Held-out perplexity (4 mask variants)

# Dense Qwen2.5-3B-Instruct
bash scripts/eval/dense.sh
# Random top-5504 per layer
bash scripts/eval/static_random.sh
# Static W_down norm top-5504 per layer
bash scripts/eval/static_norm.sh
# Trained IFPruning checkpoint
bash scripts/eval/ifpruned.sh

LM-Evaluation-Harness benchmarks

Default tasks: MMLU, HellaSwag, ARC-Challenge, PIQA, WinoGrande (all 0-shot, likelihood-based).

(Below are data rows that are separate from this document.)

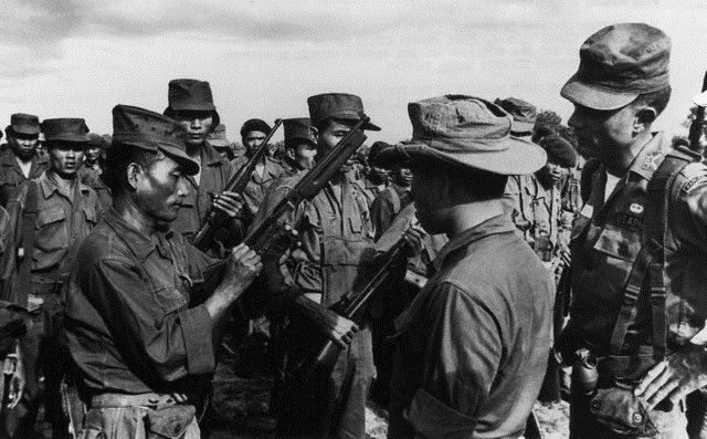 Des milliers de "conseillers militaires" américains furent dépêchés au Vietnam, avec pour mandats de brosser un portrait de la situation sur le terrain et de voir à la formation de l'Armée de la République du Vietnam (sud). Sur cette photo, des soldats sud-vietnamiens s'exerçant avec des armes américaines datant de la Seconde Guerre mondiale.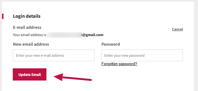 Enter your new email address: You will also need to enter your password, then click on Update email.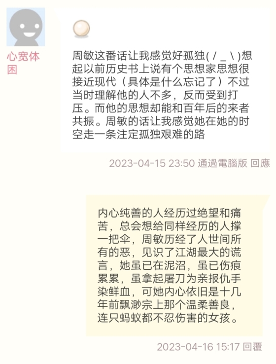 内心纯善的人经历过绝望和痛苦,总会想给同样经历的人撑一把伞,周敏历经了人世间所有的恶,见识了江湖最大的谎言,她虽已在泥沿,虽已伤痕累累,虽拿起屠刀为亲报仇手染鲜血,可她内心依旧是十几年前飘渺宗上那个温柔善良,连只蚂蚁都不忍伤害的女孩。

The paper's full task list is also available via --tasks paper_full.

bash scripts/eval/lm_eval_harness.sh dense
bash scripts/eval/lm_eval_harness.sh random
bash scripts/eval/lm_eval_harness.sh static_norm
bash scripts/eval/lm_eval_harness.sh ifpruned

Mask diagnostic (extract + Jaccard / channel-frequency analysis)

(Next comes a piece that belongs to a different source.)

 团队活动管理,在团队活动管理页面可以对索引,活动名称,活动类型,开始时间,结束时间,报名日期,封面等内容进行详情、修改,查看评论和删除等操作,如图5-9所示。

python -m eval.extract_masks \
    --ckpt checkpoints/stage1_qwen3b/step_00015625 \
    --predictor_tokenizer HuggingFaceTB/SmolLM2-360M \
    --prompts_file data/prompts_diverse.json \
    --out masks/predictor.pt
python -m analysis.analyze_masks --masks masks/predictor.pt --out_dir figures/E5

The full report-experiment suite

The report at report/IFPruning_reproduction_report.md is built from six controlled experiments. Reproduce them end-to-end with:

bash scripts/run_all_experiments.sh

This launches E1 (joint-training LR sweep) → E2 (frozen-Qwen LR sweep) → E3 (sparsity sweep) → E6 (long frozen-Qwen training, 15 625 steps) → E4 (LM-eval-harness on 4 variants) → E5 (mask diagnostic), then regenerates every figure under figures/ and the CSV under tables/.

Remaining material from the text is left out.